Optionally, an eval_budget can be specified to limit the total number of evaluations. In this case, the population size is still scaled according to the heuristic, but the number of generations is determined by the budget and the population size.

Note, in addition to the population size, this also scales the number of reference directions which are required for NSGA-like algorithms (which we mostly use).

import math


def population_and_generations(
    n_variables: int,
    n_objectives: int,
    base_ref_div: int = 4,
    ref_cap: int = 512,
    base_pop: int = 32,
    base_gen: int = 16,
    eval_budget: int | None = None,
    min_pop_size: int = 64,
) -> tuple[int, int, int]:
    """
    Determine population size and number of generations for NSGA-III / U-NSGA-III.

    Scales both population size and generations with problem complexity (M × D),
    using controlled growth factors to avoid rapid increases.

    Parameters
    ----------
    n_variables : int
        Number of decision variables.
    n_objectives : int
        Number of objectives.
    base_ref_div : int, optional
        Reference direction divisions for small M (default: 4).
    ref_cap : int, optional
        Maximum number of reference directions (default: 512).
    base_pop : int, optional
        Base population size (default: 32).
    base_gen : int, optional
        Base number of generations (default: 16).
    eval_budget : int or None, optional
        Total function evaluations. If None, use heuristic budget.
    min_pop_size : int, optional
        Minimum population size (default: 64).

    Returns
    -------
    pop_size : int
        Recommended population size.
    n_gen : int
        Recommended number of generations.
    n_ref : int
        Effective number of reference directions.
    """
    # --- Reference directions (capped) ---
    try:
        n_ref = math.comb(n_objectives + base_ref_div - 1, base_ref_div)
    except OverflowError:
        n_ref = ref_cap
    n_ref = min(n_ref, ref_cap)

    # --- Problem complexity ---
    complexity = (n_objectives * n_variables)**0.5

    # --- Population size (scaled by complexity) ---
    pop_size = max(min_pop_size, int(base_pop * complexity))

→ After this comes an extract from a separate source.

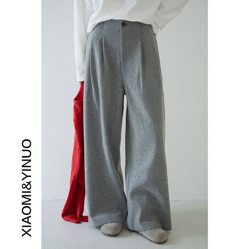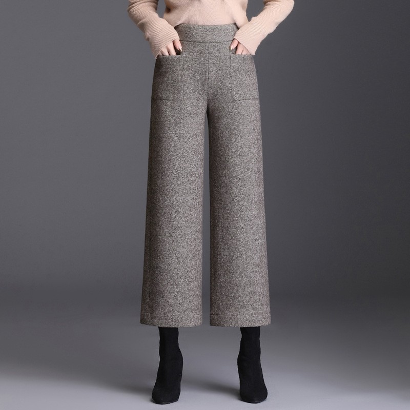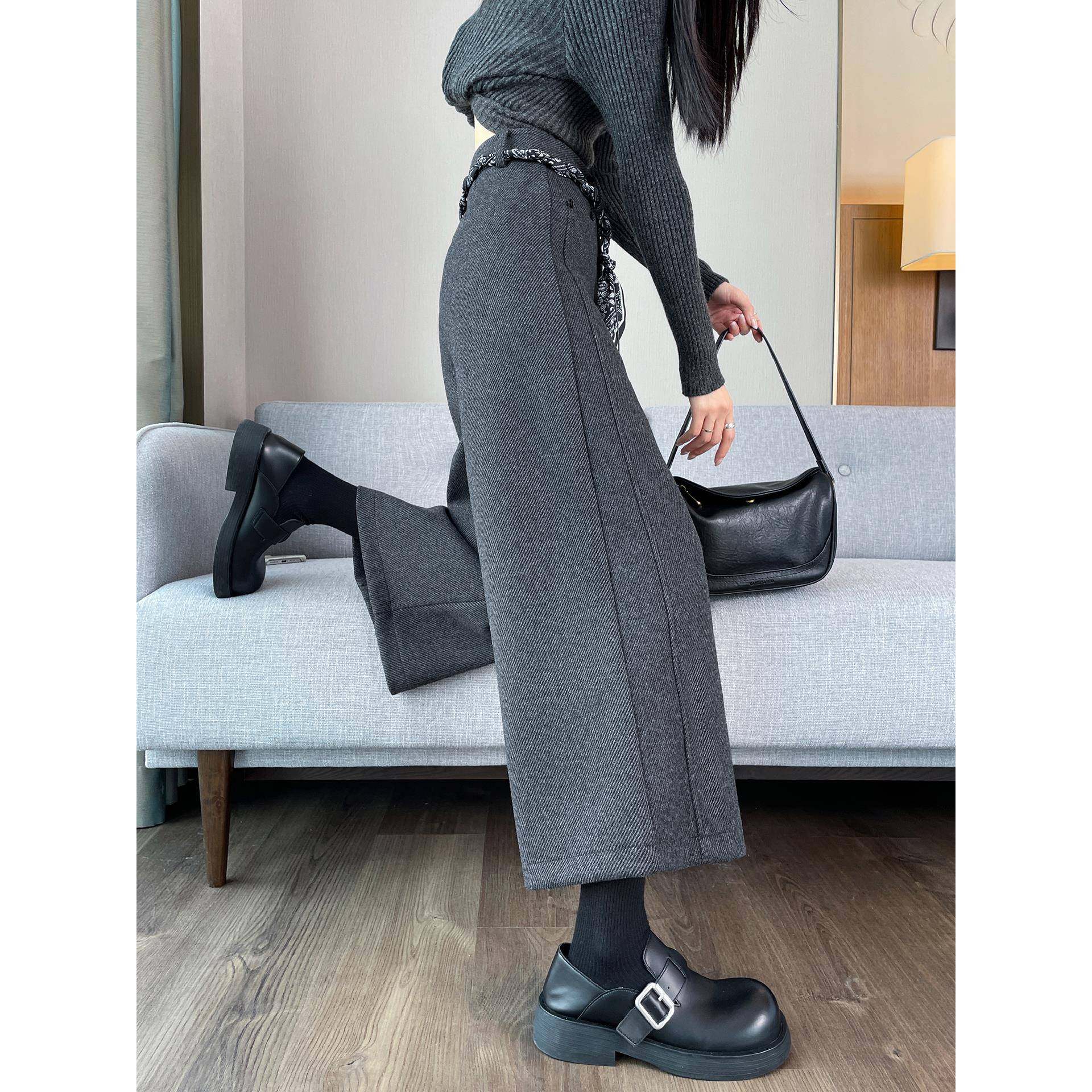 - 毛呢裤女秋冬九分阔腿

    # --- Generations (scaled by complexity) ---
    if eval_budget is None:
        eval_budget = pop_size * int(base_gen * complexity)
    n_gen = max(10, eval_budget // pop_size)

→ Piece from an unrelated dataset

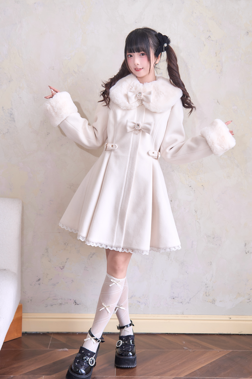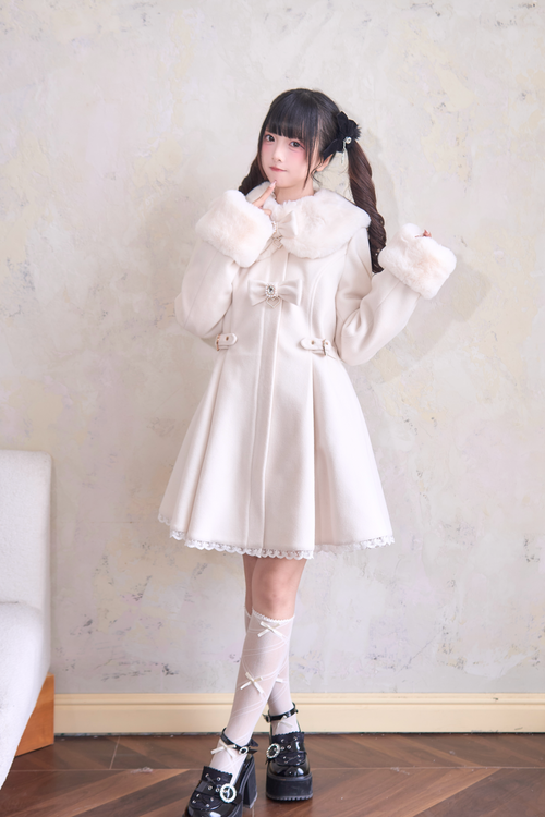 The key feature is the detachable fluffy collar and cuffs! The soft fur protects you from the cold winter weather while adding a touch of cuteness. You can also remove the fur for a more streamlined look depending on the occasion or your mood.

    return pop_size, n_gen, n_ref

For example,

cases = [(2, 1), (2, 6), (2, 9), (4, 6), (6, 6)]
for (n_var, n_obj) in cases:
    print(f"{n_var=}, {n_obj=}")
    pop_size, n_max_gen, n_ref = population_and_generations(
        n_var,
        n_obj,
        # eval_budget=8192
    )
    print(
        f"{pop_size=}, "
        f"{n_max_gen=}, "
        f"{n_ref=}, "
        f"n_total_evaluations={pop_size*n_max_gen}"
    )

Leads to:

n_var=2, n_obj=1
pop_size=64, n_max_gen=22, n_ref=1, n_total_evaluations=1408
n_var=2, n_obj=6
pop_size=110, n_max_gen=55, n_ref=126, n_total_evaluations=6050
n_var=2, n_obj=9
pop_size=135, n_max_gen=67, n_ref=495, n_total_evaluations=9045
n_var=4, n_obj=6
pop_size=156, n_max_gen=78, n_ref=126, n_total_evaluations=12168
n_var=6, n_obj=6
pop_size=192, n_max_gen=96, n_ref=126, n_total_evaluations=18432

Let me know if you have any thoughts on this. :nerd_face:

4 Likes

Neat, I think it’s really clever to do it that way!

In terms of runtime, to you feel a larger exploration throughout larger pop size and less generations in these complex cases can actually save compute time, or is the goal more to find a robust solution here?